WASHINGTON — Last offseason, the Washington Nationals elected not to retain closer Mark Melancon, instead setting sights on Los Angeles Dodgers flamethrower Kenley Jansen.

On the eve of the Nats’ first 2017 series vs. the Dodgers, it’s worth revisiting what happened, what didn’t happen, and what could have been.

Going into his first experience as a free agent, Jansen had averaged 42 saves and a 2.32 ERA. The Nationals reportedly offered him five years, $85 million, or $23 million more than the San Francisco Giants gave Melancon in a record deal for a closer, in early December.

The deal would have broken the Melancon record deal and moved him geographically closer to his native Curaçao, a Dutch Caribbean island off the East Coast. But it wasn’t enough for Jansen, who took $5 million less to stay in L.A.

“That was really serious. They were absolutely aggressive,’’ said Jansen told the media of the Nationals’ offer. “It was just a family decision. We wanted to stay here. I wanted to stay here. They gave me a second chance in baseball (converting him from catcher).

“I feel at home, and I just didn’t want to leave home.”

With Melancon, Jansen and Alrodis Chapman all off the board, the Nats turned their eyes to the trade market, entertaining offers with the White Sox, among others. But when nothing materialized, they went into Spring Training without a clear pecking order in the ‘pen.

It’s arguable that the strategy has worked, as the Nats lead the National League East by 10.5 games, the second most of any division in baseball (Astros, 13.5)). But they also have nine blown saves as a team, tied for third-most in the National League, and have shuffled through a host of hurlers in the closer role.

Meanwhile, Jansen is enjoying the best start of any closer in baseball, and indeed the most accurate start to a season of any pitcher, perhaps ever.

On Friday night, he recorded four strikeouts in a 12-inning classic vs. the Milwaukee Brewers. This gave him 40 strikeouts for the season, breaking the record for most strikeouts to begin a season without recording a walk.

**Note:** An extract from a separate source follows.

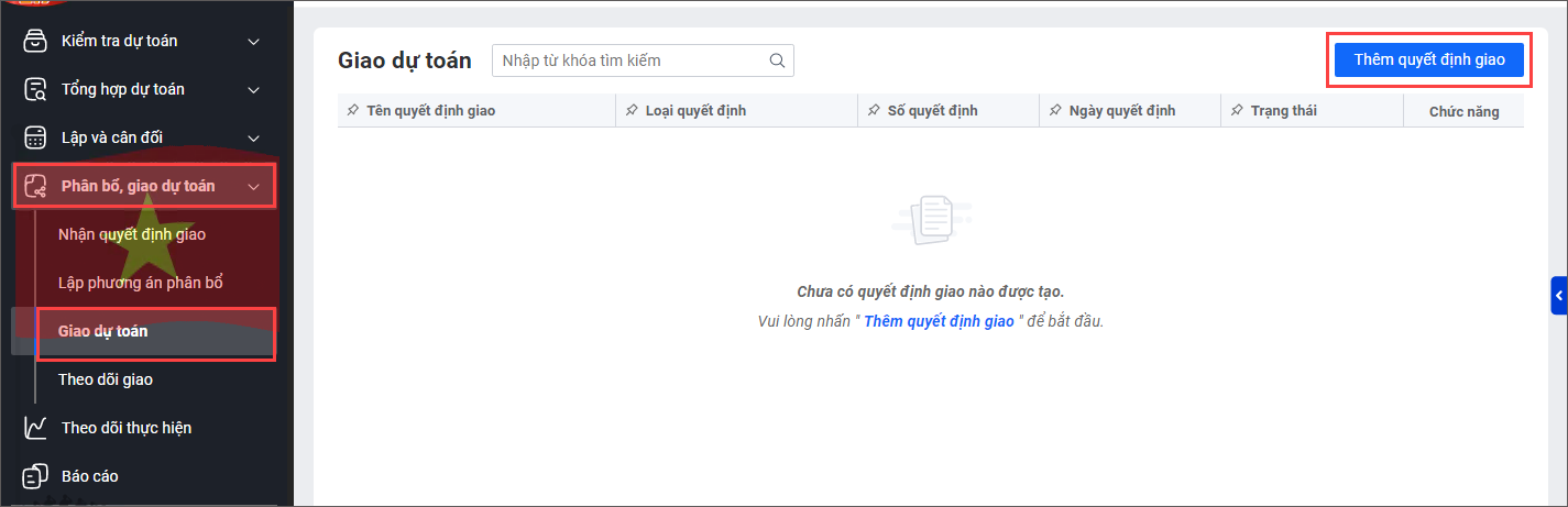 2. Nếu chưa có quyết định giao nào được tạo trước đó, nhấn Thêm quyết định giao.

Forty strikeouts and no walks in 23 innings across 22 appearances this season. He also given up only 15 hits and four runs, giving him a meager 1.17 ERA. In addition, Jansen has struck out nearly half of his batters faced (47.1 percent).

The Nats are scheduled to face Dodgers starting pitchers Hyun-Jin Ryu, Brandon McCarthy and Clayton Kershaw in this series. They better hope they can score runs early because breaking through against Jansen is unlikely.